De eerste is gemakkelijk. Ik draag zelf tatoeages op mijn beide armen, op mijn linkerarm een tatoeage in de vorm van een hart. Ik hou van de vrouw aan wie dat hart ooit toebehoorde. Helaas verliet ze mij al na drie weken. Zo werd mijn hart gebroken. Dat gebroken hart draag ik op mijn rechterarm. Ik hoor de heks achter mij een traantje wegpinken.

De tweede opdracht is veel moeilijker. Ik heb het niet zo op met taakverdelingen. Ze zijn vaak zo opgelegd en sterven daardoor bij mij meestal vroegtijdig een langzame dood. Dat heb ik ook met formulieren. Neem nu zo’n achterlijk Dela-rouwformulier. ‘Hoe zou je het liefst willen sterven?’ Ik zou na het lezen van zo’n rouwformulier alleen maar kunnen bedenken, niet invullen, en daarna het loodje laten, puur uit wraakzucht. Dat ze het lekker zelf uitzoeken. De lulhannesen. Daarmee heb ik opdracht drie ook gelijktijdig ingevuld. Openbaring genoeg dacht ik zo.

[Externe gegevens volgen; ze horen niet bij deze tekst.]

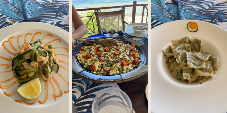 The final stop brought Lori to Diani Beach and Alfajiri Villas, where butler service and beachfront dining elevated the experience to new heights. A welcome drink with Sophia and the butlers set expectations high, and dinner delivered: ginger squash soup followed by a choice of fish and calamari or lemon chicken.
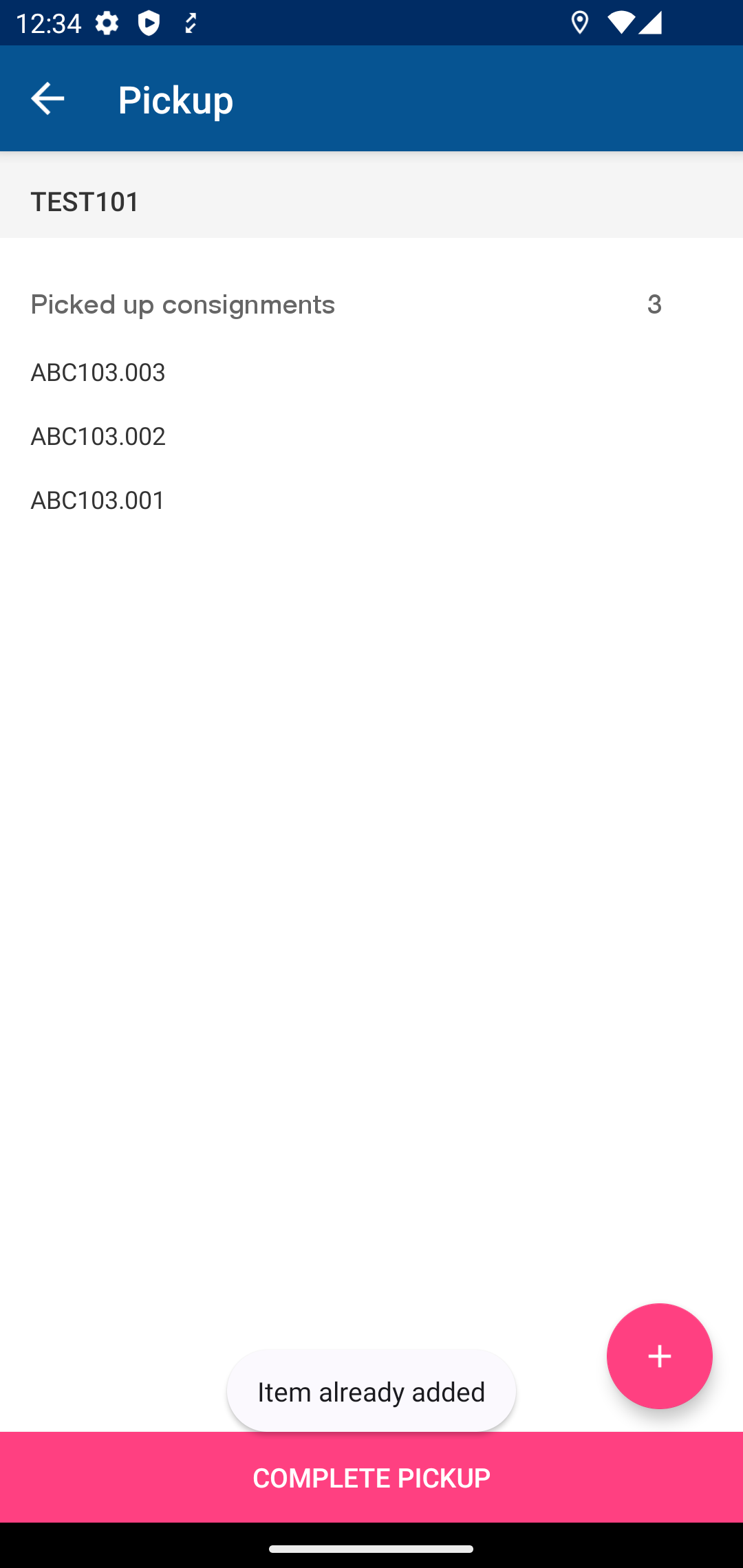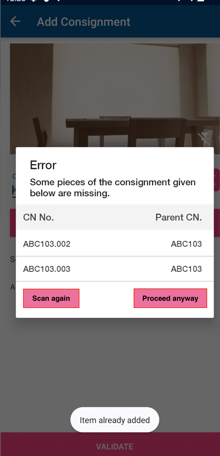 Click on ‘scan again’, if you want to scan the remaining CNs. Click on ‘proceed anyway' if you want to complete pick-up partially. You will be redirected to the following screen.
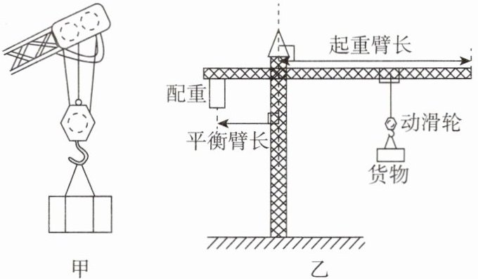 (3)图乙中悬吊货物所用动滑轮与图甲中相同,若配重质量M= 3t,平衡臂长$l_1= 5m,$起重臂长$l_2= 15m,$当把货物送至最右端且塔臂在水平位置平衡时,求此时货物的质量$m_2$。

Meteen roep ik mezelf weer tot de orde. Maar waarom eigenlijk? Wat heb je nu aan verbroken beloftes? Mocht ik het formulier wel hebben ingevuld, de geschreven beloftes had ik echt niet kunnen nakomen. Noch aan familie, noch aan vrienden en kennissen. Formulieren en ik, dat zijn twee treinen die op volle snelheid op elkaar afrazen. Onheilspellend voorspellend. Het enige dat ik zou kunnen doen is onbeschaamd en onbeheerst dansen. Wild en vol passie. Zij die gaan sterven groeten u.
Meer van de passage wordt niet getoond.